Your task » Your answer must be an exact transcription of the data, with every picture omitted.

Dataset excerpt »
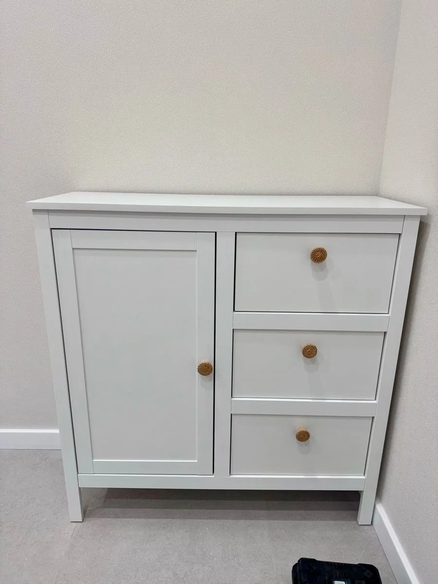 Хороший, не большой комод. Покупали серию в гостиную. Собрали быстро, по инструкции. Ручки полностью заменили
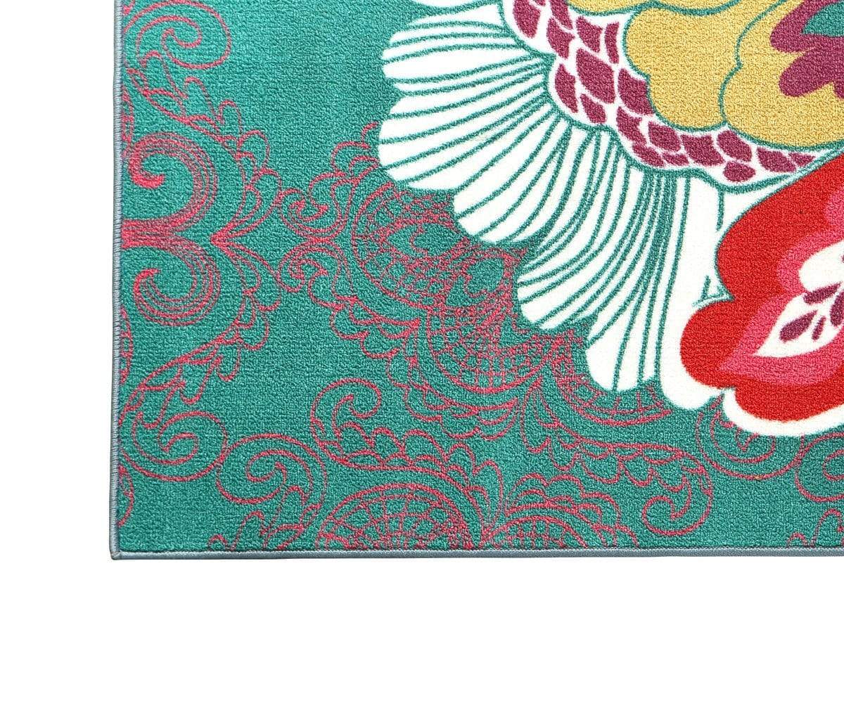 The Amaranda rug brings a splash of color to any room. With a bright teal background, the large multicolor flower graphic pops. Made from 100% nylon for easy cleaning and durability.
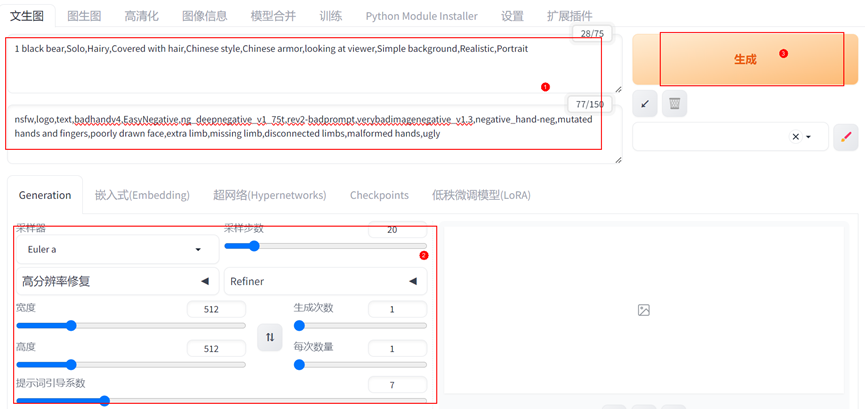 (2)输入提示词:输入正反向提示词,设置参数,每次数量可选多张。。
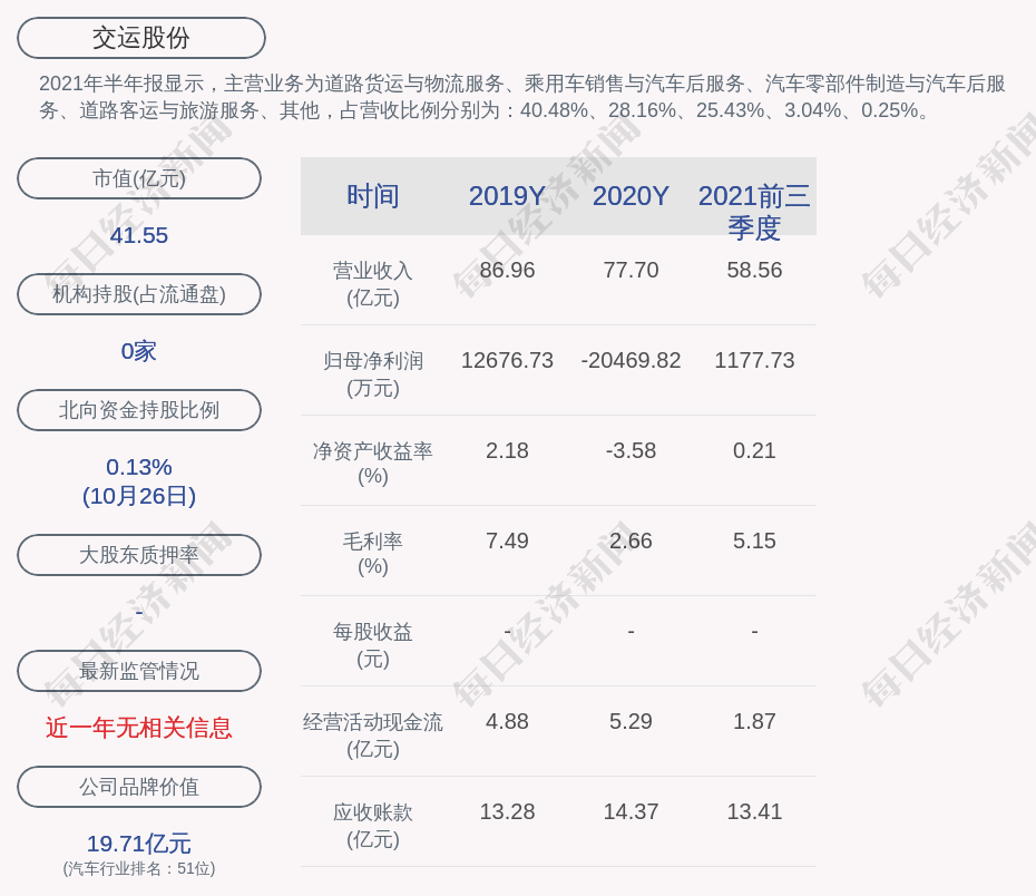 2021年半年报显示,交运股份的主营业务为道路货运与物流服务、乘用车销售与汽车后服务、汽车零部件制造与汽车后服务、道路客运与旅游服务、其他,占营收比例分别为:40.48%、28.16%、25.43%、3.04%、0.25%。

Task output »
 Хороший, не большой комод. Покупали серию в гостиную. Собрали быстро, по инструкции. Ручки полностью заменили
 The Amaranda rug brings a splash of color to any room. With a bright teal background, the large multicolor flower graphic pops. Made from 100% nylon for easy cleaning and durability.
 (2)输入提示词:输入正反向提示词,设置参数,每次数量可选多张。。
 2021年半年报显示,交运股份的主营业务为道路货运与物流服务、乘用车销售与汽车后服务、汽车零部件制造与汽车后服务、道路客运与旅游服务、其他,占营收比例分别为:40.48%、28.16%、25.43%、3.04%、0.25%。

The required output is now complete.